Keep killer in tougher jail: MP
                                                                                             Citizen Staff
   Prince George-Bulkley Valley MP Dick Harris is lobbying to have the killer of a Fraser Lake rancher kept in a medium-security penitentiary.
   Earlier this month, Alfred (Scotty) Ormiston’s family spoke out against the possibility of his murderer being placed in a minimum-security jail. “You don’t pump three bullets into someone, bury him in a well and deserve to be reduced to minimum security,” Ormiston’s daughter, Denise Dykes said.
   Bruce Douglas Peters, 38, is currently serving a life sentence at William Head Institution near Victoria for the second-degree murder of his neighbour in October 1995. But Correctional Service Canada is converting William Head into a minimum-security jail from its current medium-and-minimum security status
by the end of the year.
In response to Dykes’ plea for help, Harris plans to fire off a letter to the warden at William Head and to the federal correctional service. “We want to ensure he’s not moved to medium security," he said. “This is a very serious crime.” People who commit first or second-degree murder should not be released on parole, he added. “Our philosophy is that life means life. I roll my eyes when I see people who commit first or second-degree murder being paroled after serving a number of years,” Harris said.
Offenders convicted of murder face a mandatory life sentence, but are eligible for parole after 10 to 25 years, in the case of second-degree murder, and after 25 years for first-degree murder.
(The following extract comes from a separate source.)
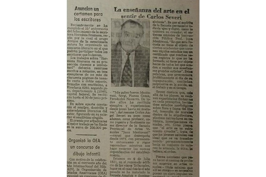 El Litoral realizó una entrevista con Severi en marzo de 1979, cuando todavía era director de la Escuela de Bellas Artes. La misma se publicó el 13 de marzo de ese año.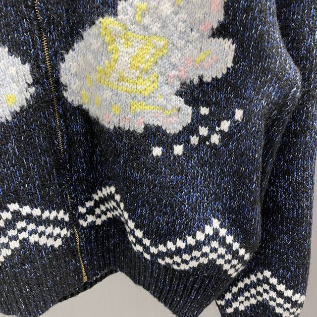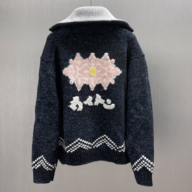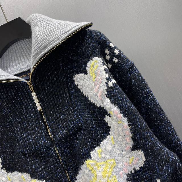 Lu Pisces Zipper Knit Waist-cinching Jacket Ddd Size: S-XL Ddd This waist-cinching jacket focuses on the creative vision shared by pharrell Williams and Nigo for Fall/Winter 2025. A koi fish adorned with a heart logo swims on the front, while cherry blossoms and Japanese characters on the back reveal Nigo's cultural roots. The sophisticated pattern is presented in an intarsia and embroidery technique on a cotton-wool blend knit, with a delicate, handcrafted texture. A beaded zipper pull adds an elegant touch to the comfortable silhouette. DDD

Peters was convicted in May 1997 and sentenced to life in prison with no possi-
 bility of parole for 10 years for Ormiston’s murder. During his trial, he admitted to shooting Ormiston, but claimed it was in self-defence and that Ormiston was trying to steal his cattle at the time. The two families had a long-standing dispute over wandering cattle and grazing rights. Ormiston’s body was found a week later, stuffed into an abandoned well on Peters’ property.
   It’s not known whether Peters is being moved to a minimum-security jail, because Correctional Service doesn’t release details of individual cases. But William Head says it will conduct security assessments on all inmates before classifying them for minimum or medium security. Prisoners who are pegged medium-security will be moved to one of four federal institutions on the Lower Mainland.